Exercise brief
From the records below, extract only the lines running from the line with "4月13日,山東省滕州市公安局民警在龍泉廣場向市民普及國家安全知識。" to the line with "An 8″ vanilla", both lines included, reproducing them exactly.

Input
******************************

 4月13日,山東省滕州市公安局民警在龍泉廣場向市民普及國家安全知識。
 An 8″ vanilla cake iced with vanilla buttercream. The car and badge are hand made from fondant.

******************************

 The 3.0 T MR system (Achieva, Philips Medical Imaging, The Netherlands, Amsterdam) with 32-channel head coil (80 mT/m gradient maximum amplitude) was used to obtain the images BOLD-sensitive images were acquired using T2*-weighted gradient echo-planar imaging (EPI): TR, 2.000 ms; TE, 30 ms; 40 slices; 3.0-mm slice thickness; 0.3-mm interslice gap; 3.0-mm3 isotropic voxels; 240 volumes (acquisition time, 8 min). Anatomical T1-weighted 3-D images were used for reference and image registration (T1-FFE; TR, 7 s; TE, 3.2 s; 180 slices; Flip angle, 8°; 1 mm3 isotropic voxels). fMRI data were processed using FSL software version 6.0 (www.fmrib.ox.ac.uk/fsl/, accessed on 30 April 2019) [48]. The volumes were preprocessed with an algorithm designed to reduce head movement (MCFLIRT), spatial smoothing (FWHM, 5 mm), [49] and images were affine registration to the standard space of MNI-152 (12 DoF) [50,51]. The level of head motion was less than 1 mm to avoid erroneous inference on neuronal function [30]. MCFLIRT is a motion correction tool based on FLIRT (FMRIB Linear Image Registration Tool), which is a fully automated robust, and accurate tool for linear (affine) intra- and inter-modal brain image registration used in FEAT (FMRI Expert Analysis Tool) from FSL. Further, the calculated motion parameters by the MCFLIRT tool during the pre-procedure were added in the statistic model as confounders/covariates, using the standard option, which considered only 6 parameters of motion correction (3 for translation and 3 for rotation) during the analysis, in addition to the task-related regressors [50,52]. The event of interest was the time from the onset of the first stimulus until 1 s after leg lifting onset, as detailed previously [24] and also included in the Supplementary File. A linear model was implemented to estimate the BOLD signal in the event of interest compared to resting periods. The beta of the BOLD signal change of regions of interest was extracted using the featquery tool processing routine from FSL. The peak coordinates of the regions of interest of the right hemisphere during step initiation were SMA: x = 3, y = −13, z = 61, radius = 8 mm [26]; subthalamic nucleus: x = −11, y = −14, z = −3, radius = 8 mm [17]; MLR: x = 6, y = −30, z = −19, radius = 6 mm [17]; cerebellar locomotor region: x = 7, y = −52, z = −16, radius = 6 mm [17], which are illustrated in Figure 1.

******************************

Response
 4月13日,山東省滕州市公安局民警在龍泉廣場向市民普及國家安全知識。
 An 8″ vanilla cake iced with vanilla buttercream. The car and badge are hand made from fondant.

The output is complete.